Solve ODE using analytic solutions Let the following ODE:
$x'' + tx' + x = 0.$


*

*Find the general solution $x(t) = a_0 x_1(t) + a_1 x_2(t),$ with $a_0, a_1 \in  \mathbb{R}$ and $x_1(t), x_2(t)$ are $t$ power series convergent for $t\in\mathbb{R}$

*Show that $x_1(t)$ is the power series of the function $e^{-t^2/2}$. Use this to find another lineally independent solution of the given equation. Check that this second solution can be written as a power series like $x_2(t)$
My attemp:
The coefficients of my ODE are analytic, I suppose a solution with the following form:
$$x(t) = a_0 \sum_{k=0}^\infty b_k t^k + a_1 \sum_{k=0}^\infty c_k t^k$$
Then
$$x'(t) = a_0 \sum_{k=0}^\infty b_k k t^{k-1} + a_1 \sum_{k=1}^\infty c_k k t^{k-1}0$$
$$x''(t) = a_0 \sum_{k=2}^\infty b_k k(k-1) t^{k-2} + a_1 \sum_{k=2}^\infty c_k k (k-1) t^{k-2}$$
Putting this in the ODE we get
$$a_0 \sum_{k=2}^\infty b_k k(k-1) t^{k-2} + a_1  \sum_{k=2}^\infty c_k k (k-1) t^{k-2} + a_0 \sum_{k=1}^\infty b_k k t^k + a_1 \sum_{k=1}^\infty c_k k t^k  + a_0 \sum_{k=0}^\infty b_k t^k + a_1 \sum_{k=1}^\infty c_k t^k = 0$$
We get the following recurrence relation:
$$\begin{cases} k=0 \qquad a_0 b_2 2 + a_1 c_2 2 + a_0 b_0 + a_1 +c_0 \\ k \ge 1 \qquad a_0 b_{k+2} (k+2)(k+1) + a_1 c_{k+2} (k+2)(k+1) + a_0 k b_k + a_1 c_k k + a_0 b_k + a_1 c_k\end{cases}$$
Simplyfing:
$$ \begin{cases} a_0 (2 b_2 + b_0) + a_1 (2 c_2 +c_0) \\ a_0((k+2)b_{k+2} + b_k) + a_1((k+2)c_{k+2} + c_k) \end{cases}$$
I have tried to solve this recurrence relation with Mathematica using RSolve but it only gives me the solution $0$.
What have I done wrong?
 A: You did not do anything wrong.
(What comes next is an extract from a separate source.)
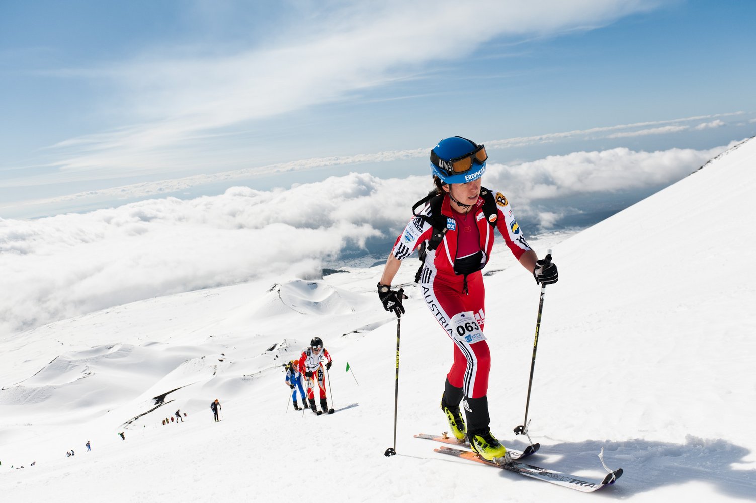 Noch vor kurzem machte der Ätna durch massives Feuerspucken auf sich aufmerksam, heute hingegen stahlen die Wettkampf-Skibergsteiger dem Vulkan die Schau, als sie mit Höllentempo über das schneebedeckte Lavagestein die Hänge in Richtung Krater hinauf liefen.
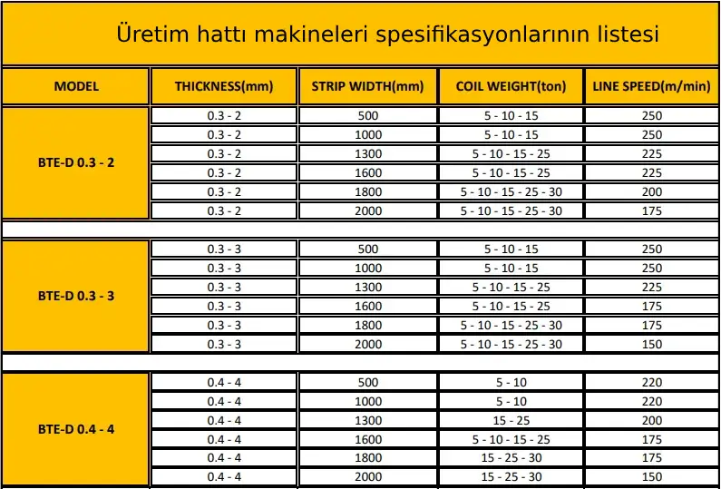 Our slitting lines can produce from a minimum of 0.20mm to a maximum of 16mm, and from a minimum of 300mm to a maximum of 2500mm, and are designed for precise and fast production.

You just need not we the $a_0$ and $a_1$. These will show up later in the recursion.
Correction. The coefficients of my ODE are analytic, I suppose a solution with the following form:
$$x(t) = \sum_{k=0}^\infty b_k t^k$$
Then
$$tx'(t)=t\sum_{k=0}^\infty kb_k  t^{k-1}=\sum_{k=0}^\infty k\,b_k  t^k$$
$$x''(t)=\sum_{k=2}^\infty k(k-1)\,b_k\,t^{k-2}=\sum_{k=0}^\infty(k+1)(k+2)\,b_{k+2}\,t^k$$
Putting these in the ODE we get
$$
\sum_{k=0}^\infty(k+1)(k+2)b_{k+2}t^k+\sum_{k=0}^\infty kb_k t^k+\sum_{k=0}^\infty b_kt^k=0
$$
or
$$
\sum_{k=0}^\infty \big((k+1)(k+2)b_{k+2}+(k+1)b_k\big) t^k=0,
$$
or
$$
(k+1)(k+2)b_{k+2}+(k+1)b_k=0, \quad \text{for all $k\in\mathbb N$},
$$
which implies
$$
b_{k+2}=-\frac{1}{k+2}{b_k}.
$$
for $k\ge 2$. So, once you specify $b_0$, $b_1$ you have a unique solution $x=x(t;b_0,b_1)$. 
Thus the two solutions $x_1$, $x_2$ which span the solution space are
$$
x_1(t)=x(t;1,0), \,\,x_2(t)=x(t;0,1).
$$
So the first one is obtained by setting $b_0=1$ and $b_1=0$, while the second
one is obtained by setting $b_0=0$ and $b_1=1$.
In particular, the general solution $x=x(t;b_0,b_1)$ is expressed as
$$
x(t;b_0,b_1)=b_0x_1(t)+b_1x_2(t).
$$
More specifically,
$$
b_{2k}=-\frac{1}{2k}b_{2k-2}=\cdots=\frac{(-1)^k}{2^kk!}b_0,$$
$$
b_{2k+1}=-\frac{1}{2k+1}b_{2k-1}=\cdots=\frac{(-1)^k}{1\cdot3\cdots (2k+1)}b_1
=\frac{(-2)^k k!}{(2k+1)!}b_1
$$
Finally
$$
x_1(t)=\sum_{k=0}^\infty\frac{(-1)^k}{2^kk!}t^{2k}=\mathrm{e}^{-x^2/2},
$$
$$
x_2(t)=\sum_{k=0}^\infty\frac{(-2)^k k!}{(2k+1)!}t^{2k+1}=\mathrm{e}^{-t^2/2}\int_0^t\mathrm{e}^{s^2/2}\,ds.
$$
These two functions constitute a fundamental set of solutions of the equation, i.e., every other solution is a linear combination of them.